Добавить в цитаты Настройки чтения

Страница 67 из 80



— Это твой сын, — сказал Анхис. — Здесь он ожидает дня, когда ему придет срок пересечь Реку и родиться в вашем мире.

Юноша не поднял глаз и, кажется, вовсе нас не заметил.

— Мой сын, — удивился Ней. — Брат Вила…

— Да, — подтвердил Анхис. — Они будут вместе править народом — народом моря и народом холмов, и между ними не будет ссор.

— А потом?

— Кто может знать будущее? — сказала я. — Многое зависит от наших поступков.

Анхис улыбнулся:

— И все же кое-что может сбыться, сын Афродиты: и гордый род, и гордый город… Нет, они не появятся, если ты завтра бросишься в море, но ведь ты этого не сделаешь.

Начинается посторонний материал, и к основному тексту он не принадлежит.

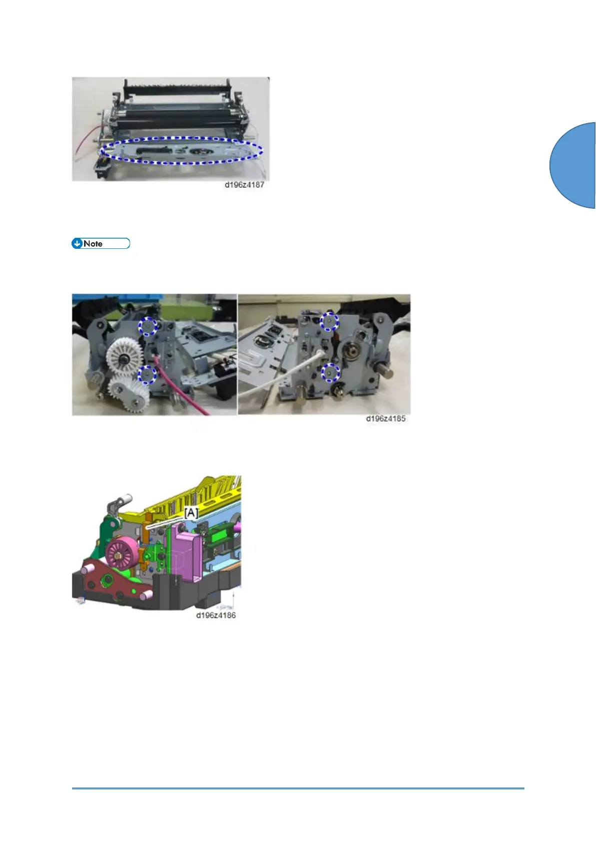 The new fusing sleeve belt assembly has a jig [A] that must be removed. Set the fusing sleeve
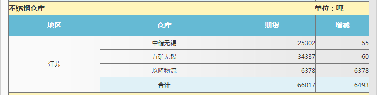 今日,上期所不锈钢注册仓单增加6493吨至66017吨,其中:中储无锡仓库增加55吨至25302吨,五矿无锡仓库增加60吨至34337吨,玖隆物流仓库今日仓单首次增加6378吨。据市场消息,因运输问题,可能会导致交割资源无法及时入库,因此部分资源发往玖隆仓库,今日完成大部分仓单制作。
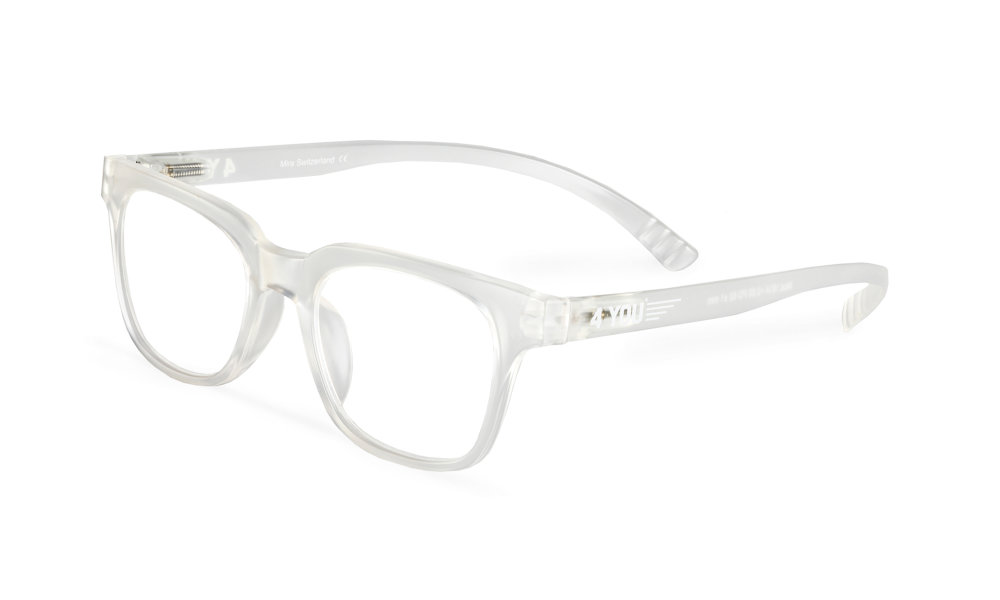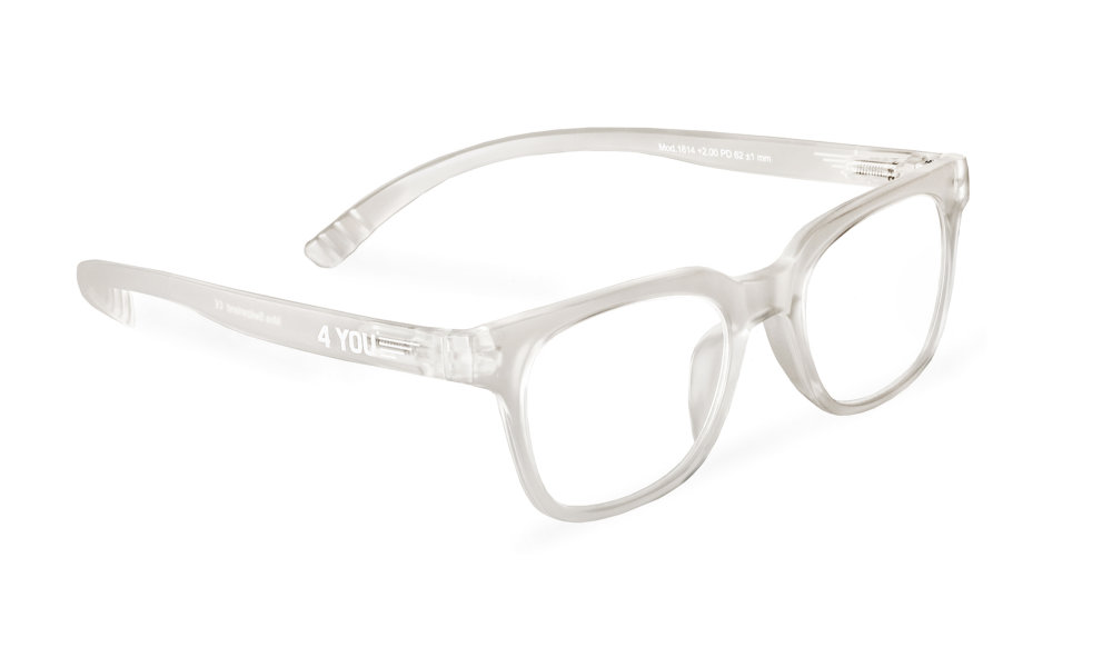 - Transparente, leicht mattiert Lesebrille mit verlängerten Bügeln.
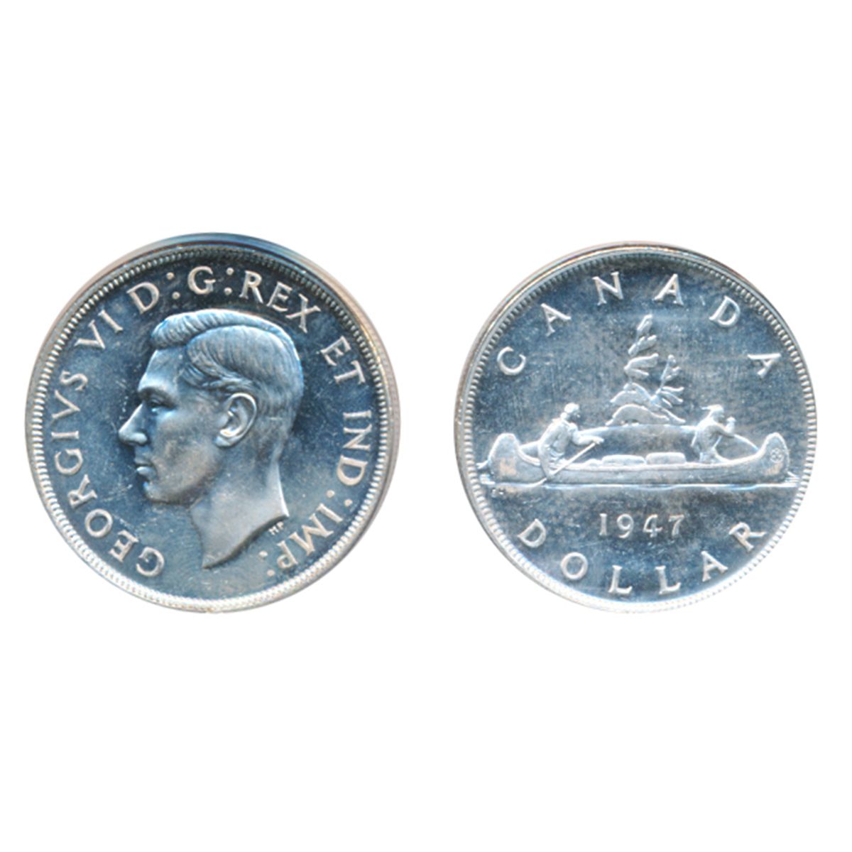 1947. Blunt 7. Single ‘H.P.’ variety. PCGS graded Mint State-63. A brilliant silver dollar.
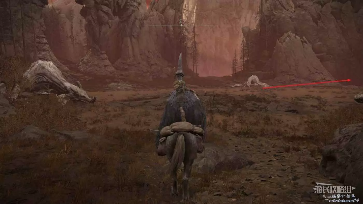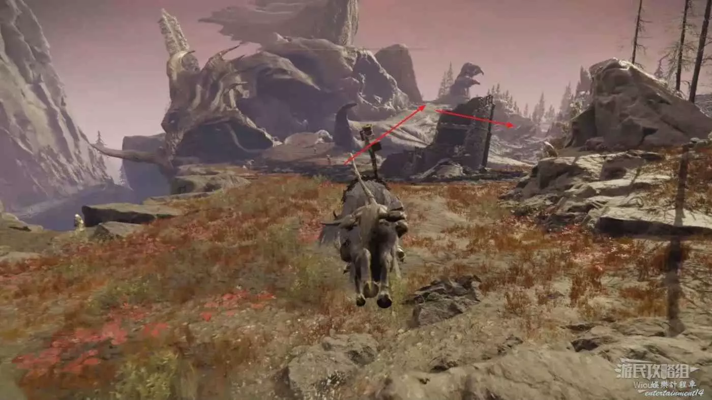 走到前方一段距離就能看到一個巨龍的屍體,然後我們沿著巨龍屍體右前方走,走一段距離就能看到紅色的花海地區。

Говорю тебе единственное, что можно сказать царю: то, чего ты желаешь, еще может исполниться.

Ней склонил голову:

— Нет бремени тяжелее желаний.

— Будь ты свободен от желаний, ты не решился бы подойти к вратам ночи, — сказал Анхис. — Но ведь ты сюда стремился.

— А что будет после? — спросил Ней, обратив к отцу ровный взгляд голубых глаз.

— Покой, — ответил тот. — Здесь, где нет желаний, будет покой.

Ней огляделся:

— Среди бесконечных полей, где ничто не меняется?

— Да, — негромко сказал Анхис.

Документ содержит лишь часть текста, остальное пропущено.